PROBLEM DETAILS: Could you copy exactly the lines below from the one with "Il piumino d'oca" to the one with "[Carta] 1963 abr.", inclusive, leaving out any pictures?

Stored data entries:
▼
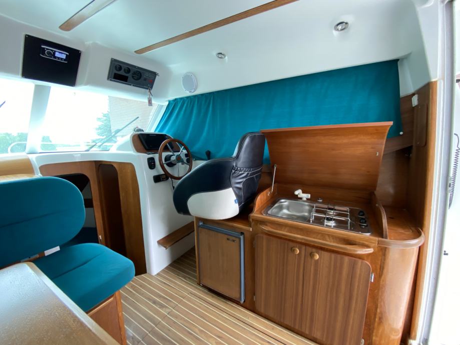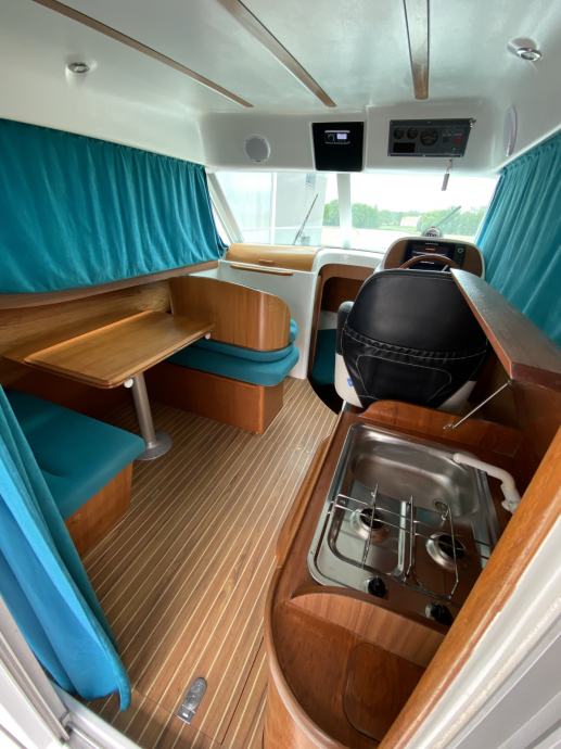 Prekrasan obiteljski brod , vrlo komforna kabina sa 4 ležaja, kuhinja, wc prostorija, velik kokpit za sportski ribolov, sunčalište na flybridge, plovilo je kompletno opremljeno ,Simrad autopilot sa daljinskom komandom, električno sidreno vitlo quick,Novi Humminbird Helix 9 GPS-Fishfinder, VHF, Fusion ozvučenje,, obalni priključak na 220 v , punjač baterija,zatvorena wc prostorija sa umivaonikom i tušem, intregirana platforma sa tikovinom, potpuno novi bimini top , plinsko kuhalo, frižider, intregirana klupa u kokpitu, sistem pranja kokpita morskom vodom za ribolov.
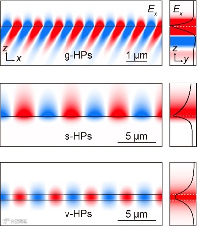 (上)“幽灵”极化激元模式、(中)表面极化激元模式、(下)体极化激元模式。
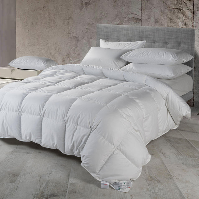 Il piumino d'oca argentato è rinomato per essere eccezionalmente caldo, soffice, leggero e avvolgente. Questa pregiata imbottitura naturale proviene da oche selezionate che sviluppano un piumaggio particolarmente isolante, caratterizzato dalla colorazione argentea che ne determina l'elevata qualità. Con un potere coibentante superiore, il piumino argentato garantisce un perfetto equilibrio termico durante il riposo.
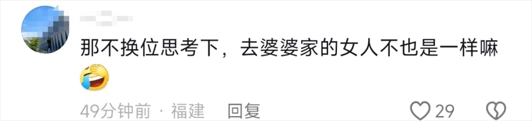 還有網(wǎng)友表示,這個(gè)時(shí)候,女婿更應(yīng)該能過體諒媳婦在婆家過年的難處了,大家過年要互相體諒,換位思考。
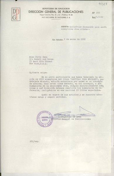 [Carta] 1963 abr. 8, Nueva York, [Estados Unidos] [a] Sr. Don R. Trigueros de León, Director General de Publicaciones, Ministerio de Educación, San Salvador, El Salvador [manuscrito] Doris Dana.
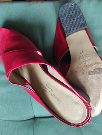 Un paio di ciabatte eleganti a fascia .. in pelle rossa... comprate ad Ischia da RENATA E SALVATORE no 37 ..tacco con gomma di sicurezza.
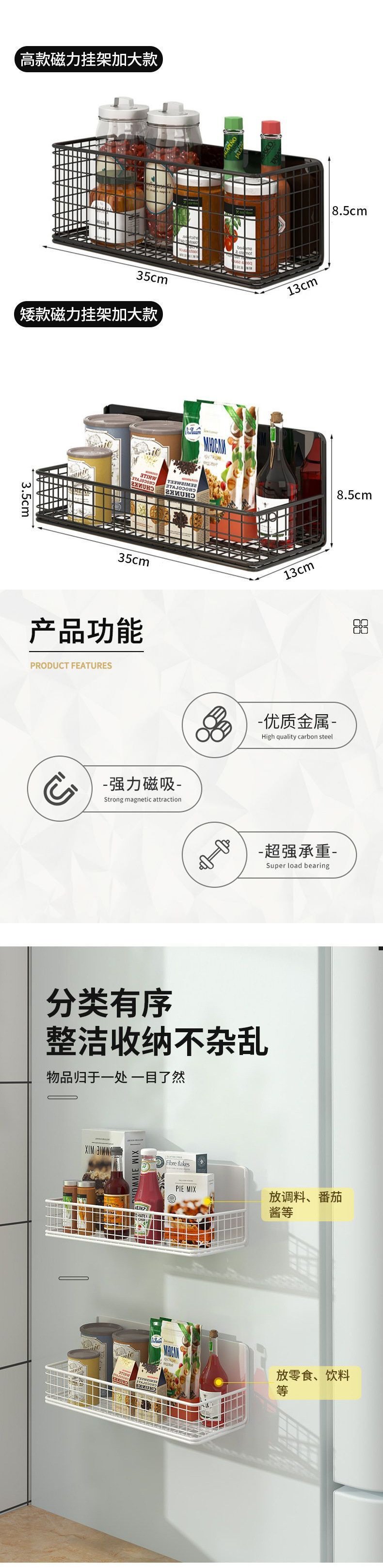 냉장고 선반 측면 수납 걸이 자석 펀치 없는 주방 입구 도어 수납 상자 벽 측면 다층 신규스토어 가기
▲
RESULT:
 Il piumino d'oca argentato è rinomato per essere eccezionalmente caldo, soffice, leggero e avvolgente. Questa pregiata imbottitura naturale proviene da oche selezionate che sviluppano un piumaggio particolarmente isolante, caratterizzato dalla colorazione argentea che ne determina l'elevata qualità. Con un potere coibentante superiore, il piumino argentato garantisce un perfetto equilibrio termico durante il riposo.
 還有網(wǎng)友表示,這個(gè)時(shí)候,女婿更應(yīng)該能過體諒媳婦在婆家過年的難處了,大家過年要互相體諒,換位思考。
 [Carta] 1963 abr. 8, Nueva York, [Estados Unidos] [a] Sr. Don R. Trigueros de León, Director General de Publicaciones, Ministerio de Educación, San Salvador, El Salvador [manuscrito] Doris Dana.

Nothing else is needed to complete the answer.